Standing nearby as she gave directions to Blinkie, Roxanne swatted his hand. "Don't, you'll just mess up the tie and we'll waste another ten minutes trying to get it straight again."

Megamind did as she commanded, but he had to grit his teeth and grip the edge of the desk with both hands to keep from disobeying. "What was wrong with all the other pictures?" he demanded, very irritably. "You've taken at least a hundred, wasn't there just _one _that wasn't bad?"

"Not really," the reporter said in an ever-so-patient tone that her husband was finding increasingly maddening. "You asked me to make sure you look as good as possible, so people can't make fun of you or somehow use it against you, and I told you, I don't have a lot of experience with this kind of photography. Most of the pictures have either been underlit or overlit, or there's been too much glare or not enough backlighting. And some of the settings didn't work as well as I thought they would. But I think this one will do it, everything'll be perfect just as soon as Blinkie finishes changing the angle of that light."

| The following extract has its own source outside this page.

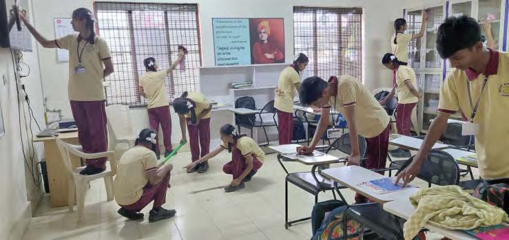 Before the school closes at 3:30 pm the first bell will ring at 3:25 pm, marking the start of a five-minute cleanliness drive. During this time, all students will work together to collect waste from classrooms and school premises and dispose of it in dustbins. They will also wipe classroom boards and clean their benches.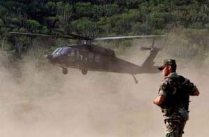 The helicopter, used in the US-funded anti-drug effort called Plan Colombia, went down just after midnight near the town of Tumaco, 230 miles southwest of the capital.

The ex-villain scowled quite villainously, swiping one hand across his considerable — and considerably sweating — brow. "It had better be. This is without a doubt the most uncomfortable outfit I've ever worn, and that includes the worst of the stuff I had to wear in prison!"

Roxanne was unaffected by his glower as she did a quick check through the camera. "Okay, I think that's got it! Pinky, would you give him a quick touch-up? I'm getting a lot of reflection off his skin."

"That's because it's so freaking hot in here!" the put-upon hero snapped even as Pinky, who was acting as the make-up department, flew in with powder and puff, fairly drowning his head in a cloud of the stuff before he could avoid her. Coughing, he flailed both arms to disperse the airborne powder, but not fast enough to avoid getting a blast in the face from the blowdryer carried by another brainbot assistant who followed Pinky, to dispel the aftermath of her work so it didn't leave a mess for the shot. _"Roxanne!" _he shrieked, coming close to critical mass.

"Easy, sweetie, we're almost done," she said, not quite at her soothing best. "Just calm down and sit the way I told you to — could you get just a _little_ calmer, hon? You're so purple in the face, it's throwing off the color balance."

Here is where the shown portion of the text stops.